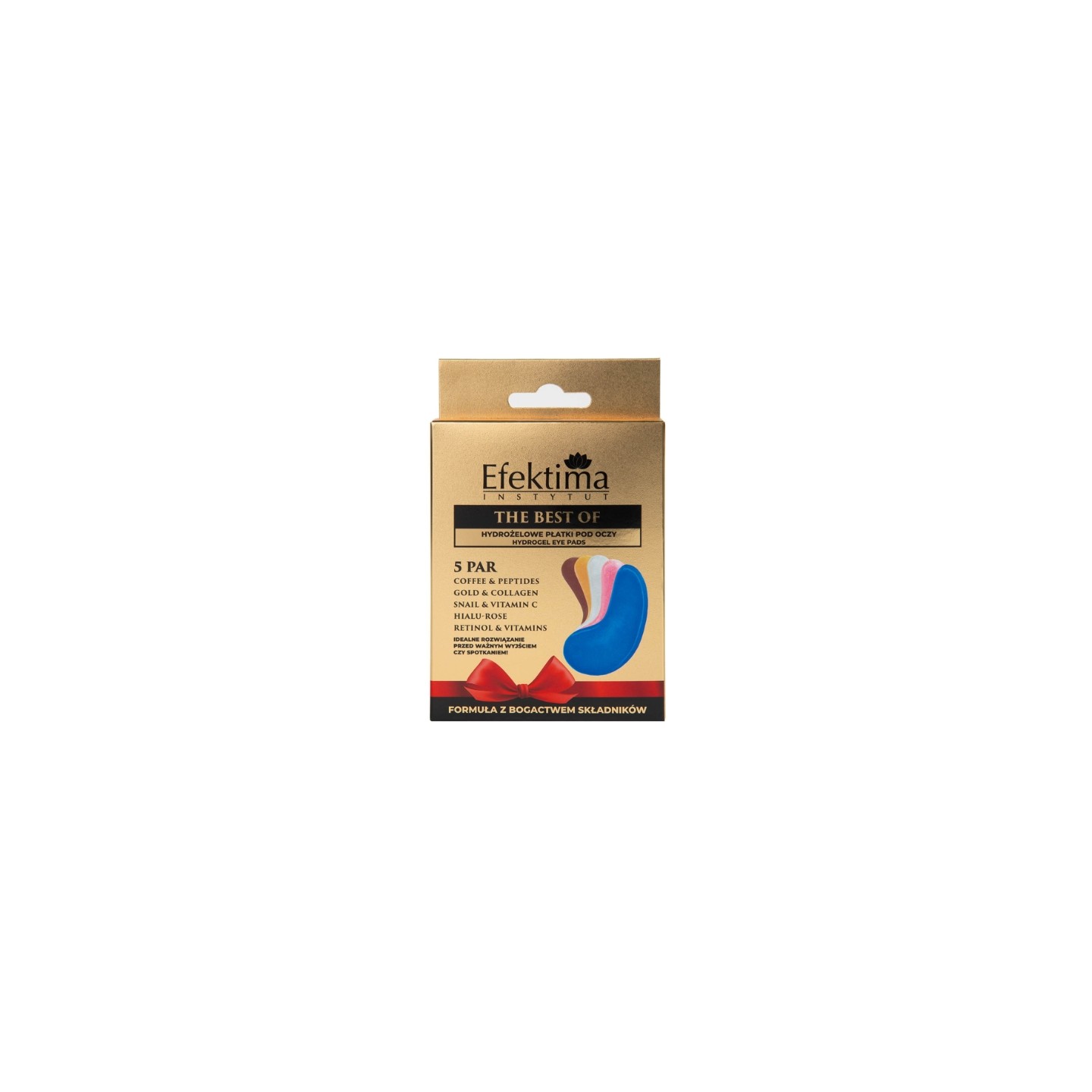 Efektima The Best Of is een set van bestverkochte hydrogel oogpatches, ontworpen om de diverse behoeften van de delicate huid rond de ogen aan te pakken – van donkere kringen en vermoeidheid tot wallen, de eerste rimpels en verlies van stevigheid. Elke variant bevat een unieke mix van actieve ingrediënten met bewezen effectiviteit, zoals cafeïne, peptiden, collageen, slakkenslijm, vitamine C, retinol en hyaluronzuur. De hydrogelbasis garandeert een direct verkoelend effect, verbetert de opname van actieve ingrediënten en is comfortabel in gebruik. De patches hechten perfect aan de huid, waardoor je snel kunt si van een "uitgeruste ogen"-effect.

•••

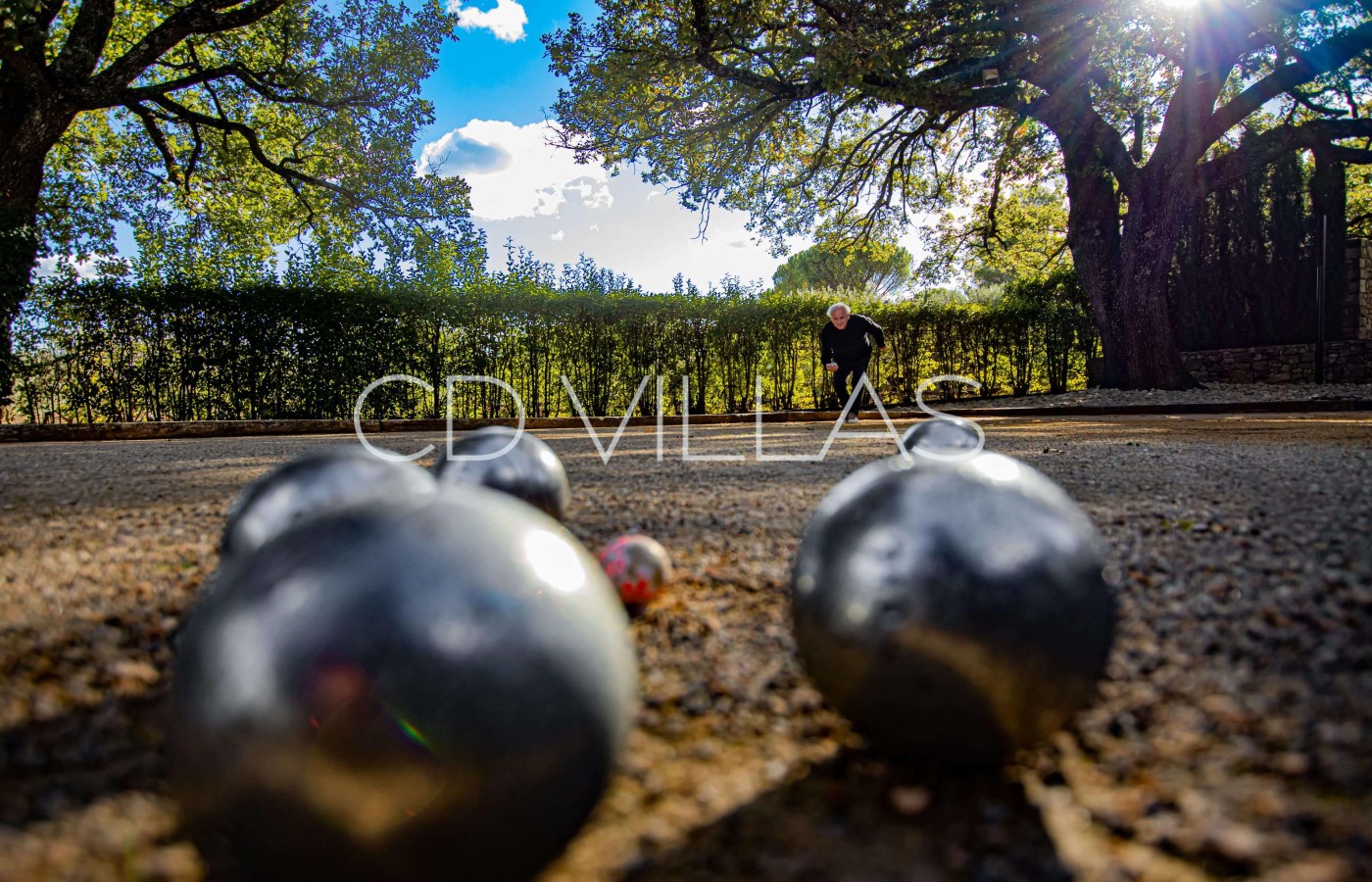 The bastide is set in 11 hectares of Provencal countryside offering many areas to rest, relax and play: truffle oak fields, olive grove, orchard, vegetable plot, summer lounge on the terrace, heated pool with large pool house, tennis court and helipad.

•••

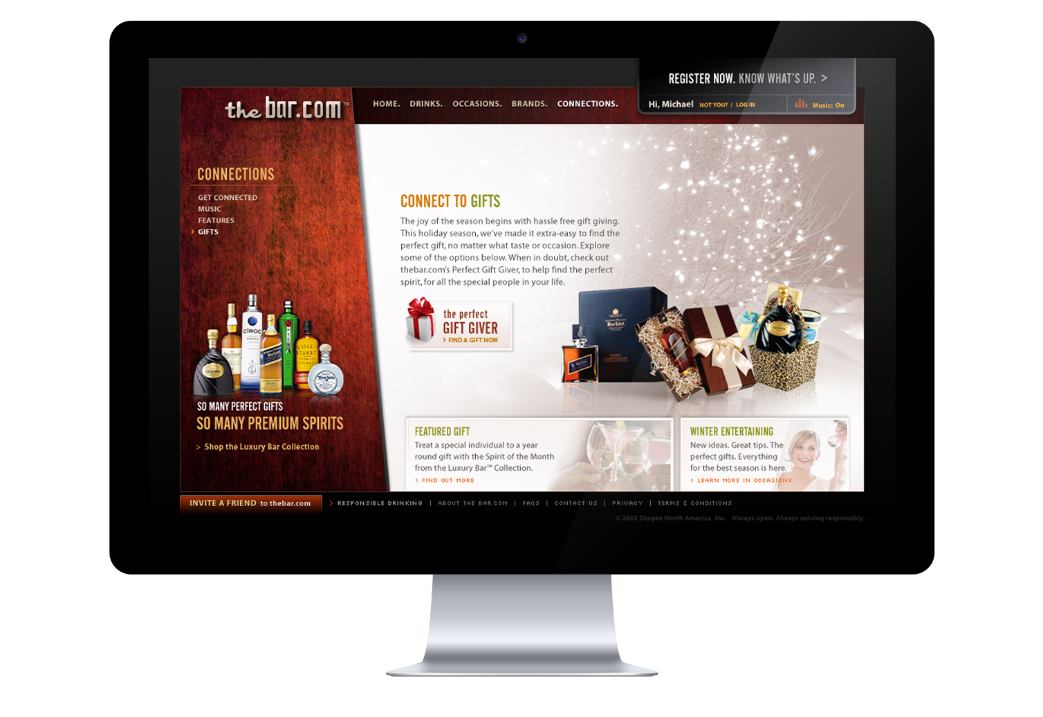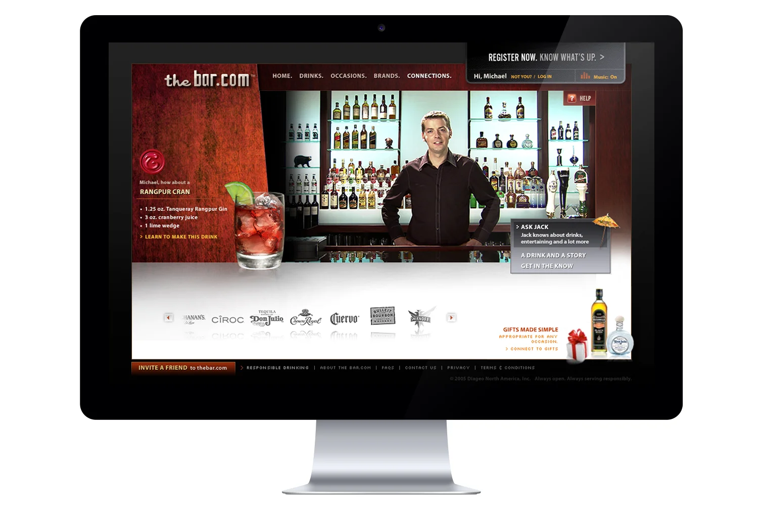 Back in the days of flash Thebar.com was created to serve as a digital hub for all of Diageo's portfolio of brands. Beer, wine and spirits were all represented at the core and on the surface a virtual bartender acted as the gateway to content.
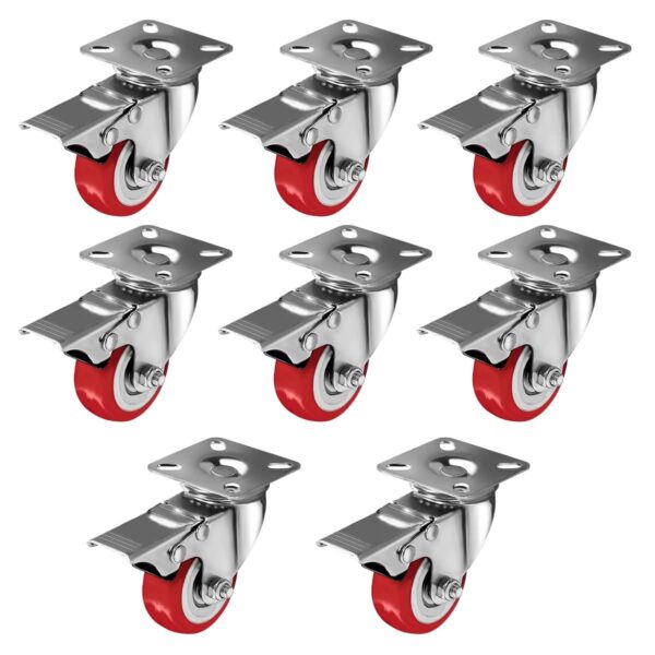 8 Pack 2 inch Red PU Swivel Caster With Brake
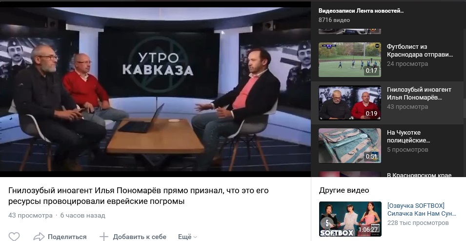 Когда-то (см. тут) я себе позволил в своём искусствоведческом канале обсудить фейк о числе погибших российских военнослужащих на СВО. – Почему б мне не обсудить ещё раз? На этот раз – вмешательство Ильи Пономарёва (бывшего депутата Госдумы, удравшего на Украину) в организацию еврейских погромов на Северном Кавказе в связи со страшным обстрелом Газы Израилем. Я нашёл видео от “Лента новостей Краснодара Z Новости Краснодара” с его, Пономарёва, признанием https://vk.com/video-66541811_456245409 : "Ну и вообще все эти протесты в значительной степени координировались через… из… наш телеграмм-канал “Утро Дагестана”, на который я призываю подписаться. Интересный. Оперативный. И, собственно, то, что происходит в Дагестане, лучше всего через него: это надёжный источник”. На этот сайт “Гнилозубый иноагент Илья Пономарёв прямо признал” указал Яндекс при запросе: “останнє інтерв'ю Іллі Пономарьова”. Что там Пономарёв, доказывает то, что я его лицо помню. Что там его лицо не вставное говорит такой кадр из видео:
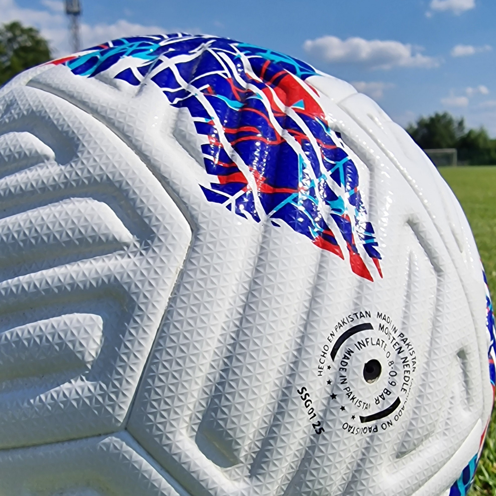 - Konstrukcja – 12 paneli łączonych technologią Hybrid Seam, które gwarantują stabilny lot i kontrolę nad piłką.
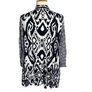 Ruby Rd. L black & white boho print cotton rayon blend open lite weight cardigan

•••

EXERCISE:
Give again, exactly as written above, each line from the one that has "- Konstrukcja –" to the one that has "Ruby Rd. L black", both included; omit the pictures.

REPLY TO THE EXERCISE:
 - Konstrukcja – 12 paneli łączonych technologią Hybrid Seam, które gwarantują stabilny lot i kontrolę nad piłką.
 Ruby Rd. L black & white boho print cotton rayon blend open lite weight cardigan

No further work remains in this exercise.